→ EXERCISE DESCRIPTION:
Retype all of the data word for word, without pictures.

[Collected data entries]

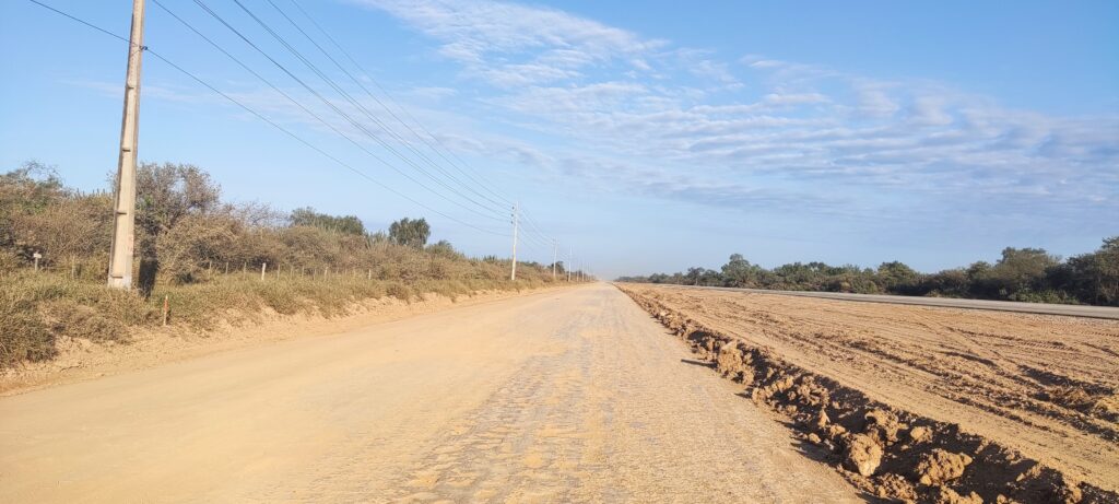 Mariscal Estigarribia (PY) – Na manhã desta quinta-feira (14), a jornalista Letícia Monteiro do Rota Bioceânica News esteve no município paraguaio acompanhando de perto o progresso das obras do Corredor Bioceânico, ao lado dos empresários Guido Kaethler e Oscar Navarro Arriola, representantes das empresas Geochaco e Dadsa – parque logístico e habitacional de Alto Paraguay.
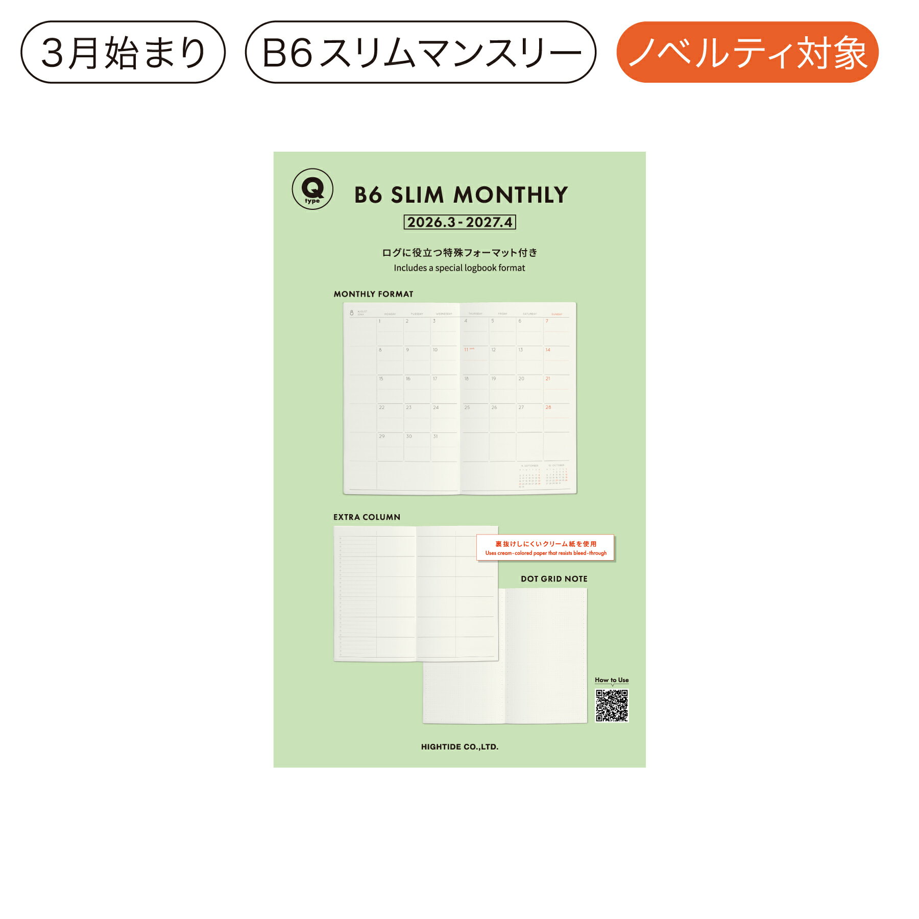 ハイタイド 手帳 2026 / Qタイプ リフィル / B6 スリム マンスリー / 2026年3月・・・
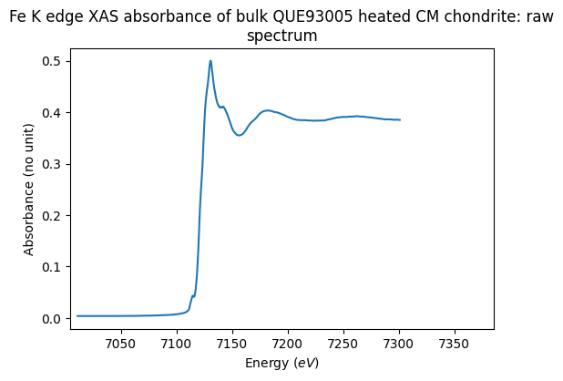 Fe K edge XAS absorbance of bulk QUE93005 heated CM chondrite: raw spectrum
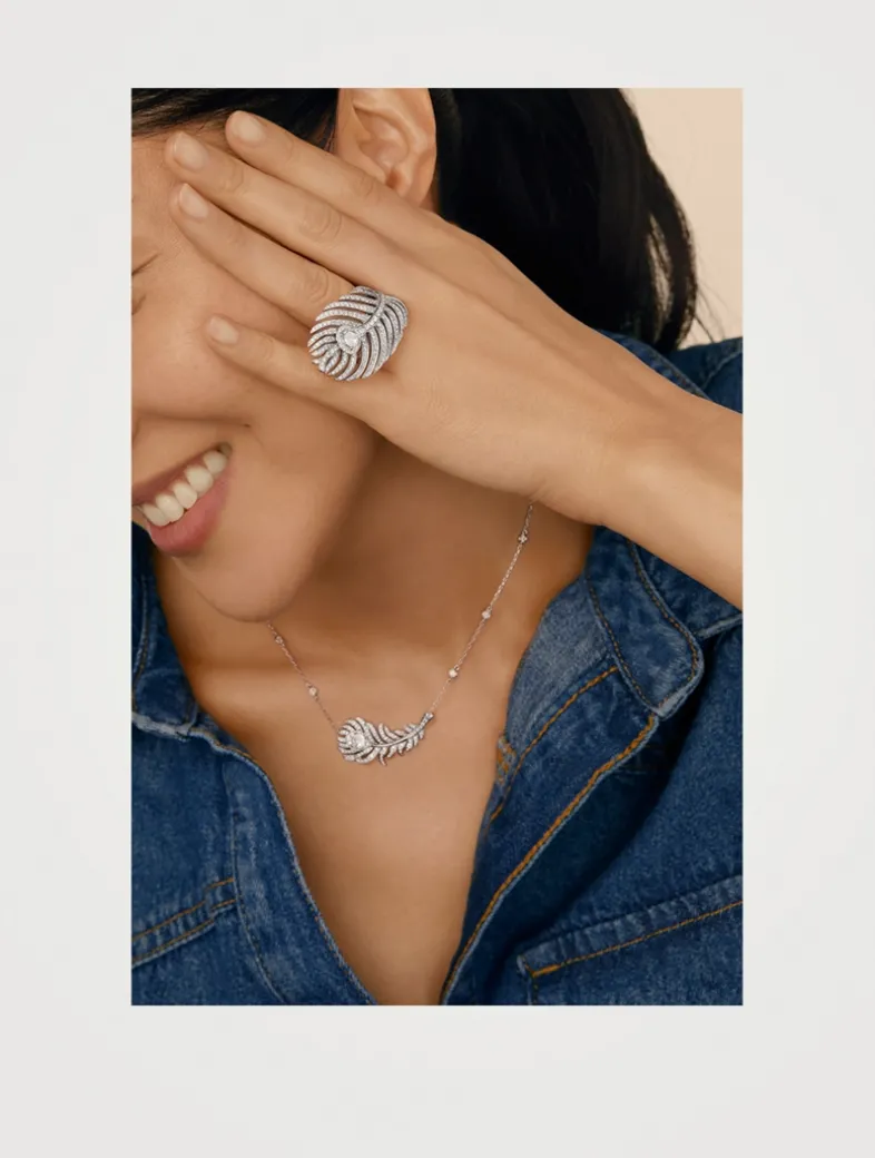 From the Nature Triomphante collection. Born from Frédéric Boucheron’s original inspiration 130 years ago, feathers have become a part of the Maison’s history and heritage. Created using a new technique that emulates the look of a real peacock feather, the pendant features one rose-cut diamond and round diamonds that sparkle and sway with every movement. The classic chain is updated with bezel-set diamonds.
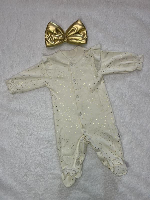М’який і ніжний чоловічок молочного кольору прикрашений дрібними золотими бризками (зірочками та коронами). Має милі рюші на плечиках і зручні кнопки по всій довжині. На ніжках є маленькі бантики та повʼязка на голову з великим золотим бантом. Чудово підходить для виписки, фотосесії або святкових подій. Комбінезон в ідеальному стані,одягали один раз на виписку. Країна виробник- Туреччина.
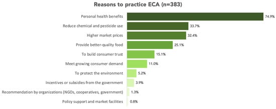 The perceived benefits of switching to ECA included health improvements (68.7%) and the potential for higher prices (45.2%). Other reasons were reducing the cost of chemicals and pesticides (27.9%), supplying better-quality food (29.2%), and meeting growing demand (15.9%). Farmers also believed ECA could build trust with consumers (11.0%), improve the local and global environment (4.2%), and enhance sustainability. However, awareness of FAO’s promotion of ECA was limited, with 62.1% of participants being unaware of such efforts.
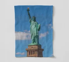 Questa affascinante fotografia in bianco e nero mostra l'iconica Statua della Libertà contro l'imponente skyline di Manhattan, simbolo di libertà e democrazia. Con un design elegante, l'opera d'arte combina l'estetica moderna con la bellezza senza tempo di questo famoso simbolo e aggiunge un tocco di raffinatezza a qualsiasi ambiente.
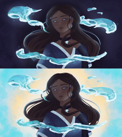 The reason I chose Katara for this practise-work is just because Avatar is my alltime favorite series and I thought I could use fire as a lightsource that way :3 Maybe team avatar is fighting some firebenders? Idk xD
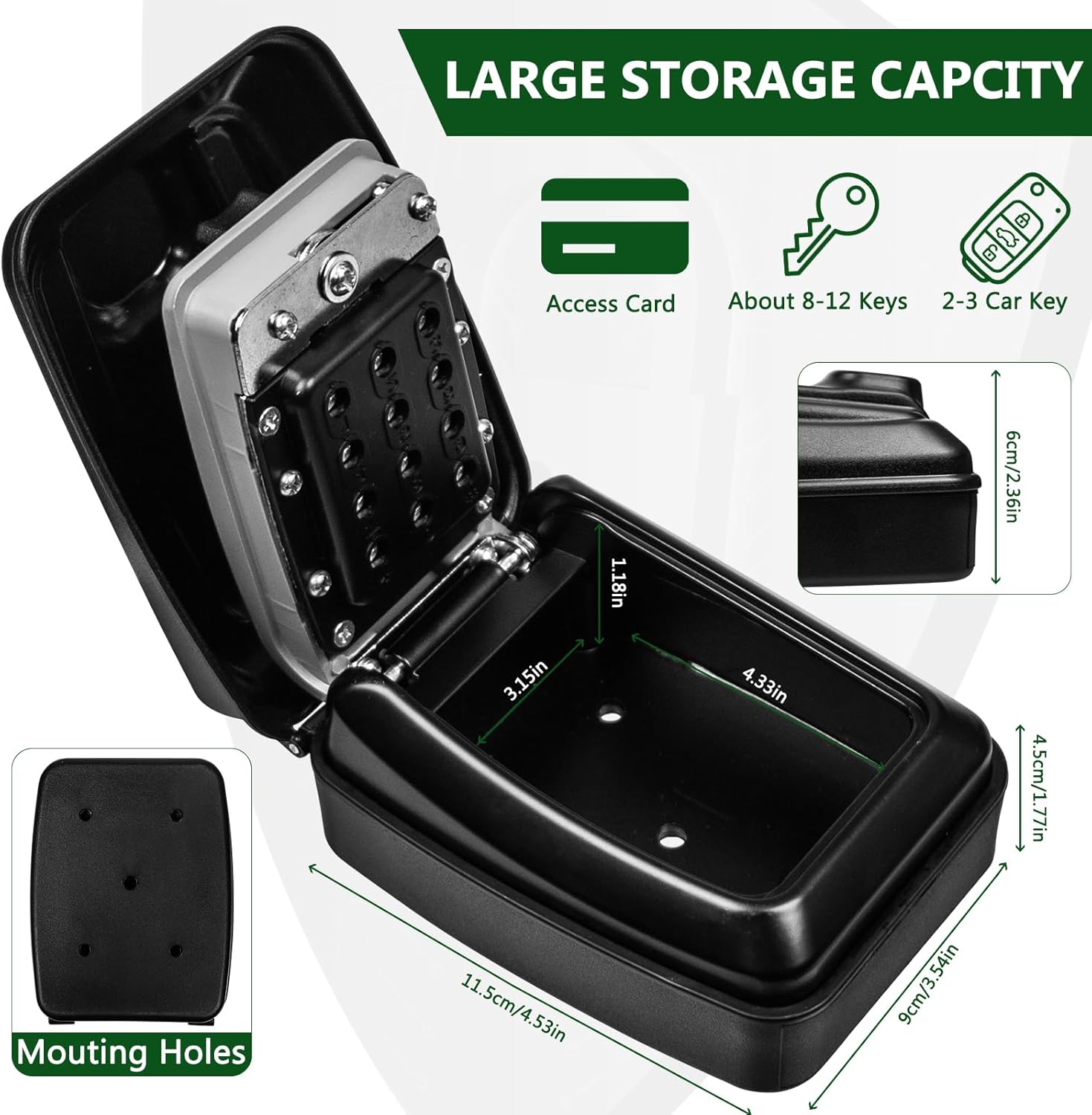 - 【Large Capacity】Our keybox provides ample and highly secure interior storage space for your valuables. The key safe wall mounted can hold up to 5-8 medium-sized house keys, access cards, car keys and other small objects. The lock box provide easy and secure acess to your spare keys, and give easy access to care takers and home workers. Its versatile design suits various scenarios, be it for homes, vehicles, rental properties, or commercial spaces.

→ RESPONSE:
 Mariscal Estigarribia (PY) – Na manhã desta quinta-feira (14), a jornalista Letícia Monteiro do Rota Bioceânica News esteve no município paraguaio acompanhando de perto o progresso das obras do Corredor Bioceânico, ao lado dos empresários Guido Kaethler e Oscar Navarro Arriola, representantes das empresas Geochaco e Dadsa – parque logístico e habitacional de Alto Paraguay.
 ハイタイド 手帳 2026 / Qタイプ リフィル / B6 スリム マンスリー / 2026年3月・・・
 Fe K edge XAS absorbance of bulk QUE93005 heated CM chondrite: raw spectrum
 From the Nature Triomphante collection. Born from Frédéric Boucheron’s original inspiration 130 years ago, feathers have become a part of the Maison’s history and heritage. Created using a new technique that emulates the look of a real peacock feather, the pendant features one rose-cut diamond and round diamonds that sparkle and sway with every movement. The classic chain is updated with bezel-set diamonds.
М’який і ніжний чоловічок молочного кольору прикрашений дрібними золотими бризками (зірочками та коронами). Має милі рюші на плечиках і зручні кнопки по всій довжині. На ніжках є маленькі бантики та повʼязка на голову з великим золотим бантом. Чудово підходить для виписки, фотосесії або святкових подій. Комбінезон в ідеальному стані,одягали один раз на виписку. Країна виробник- Туреччина.
 The perceived benefits of switching to ECA included health improvements (68.7%) and the potential for higher prices (45.2%). Other reasons were reducing the cost of chemicals and pesticides (27.9%), supplying better-quality food (29.2%), and meeting growing demand (15.9%). Farmers also believed ECA could build trust with consumers (11.0%), improve the local and global environment (4.2%), and enhance sustainability. However, awareness of FAO’s promotion of ECA was limited, with 62.1% of participants being unaware of such efforts.
 Questa affascinante fotografia in bianco e nero mostra l'iconica Statua della Libertà contro l'imponente skyline di Manhattan, simbolo di libertà e democrazia. Con un design elegante, l'opera d'arte combina l'estetica moderna con la bellezza senza tempo di questo famoso simbolo e aggiunge un tocco di raffinatezza a qualsiasi ambiente.
 The reason I chose Katara for this practise-work is just because Avatar is my alltime favorite series and I thought I could use fire as a lightsource that way :3 Maybe team avatar is fighting some firebenders? Idk xD
 - 【Large Capacity】Our keybox provides ample and highly secure interior storage space for your valuables. The key safe wall mounted can hold up to 5-8 medium-sized house keys, access cards, car keys and other small objects. The lock box provide easy and secure acess to your spare keys, and give easy access to care takers and home workers. Its versatile design suits various scenarios, be it for homes, vehicles, rental properties, or commercial spaces.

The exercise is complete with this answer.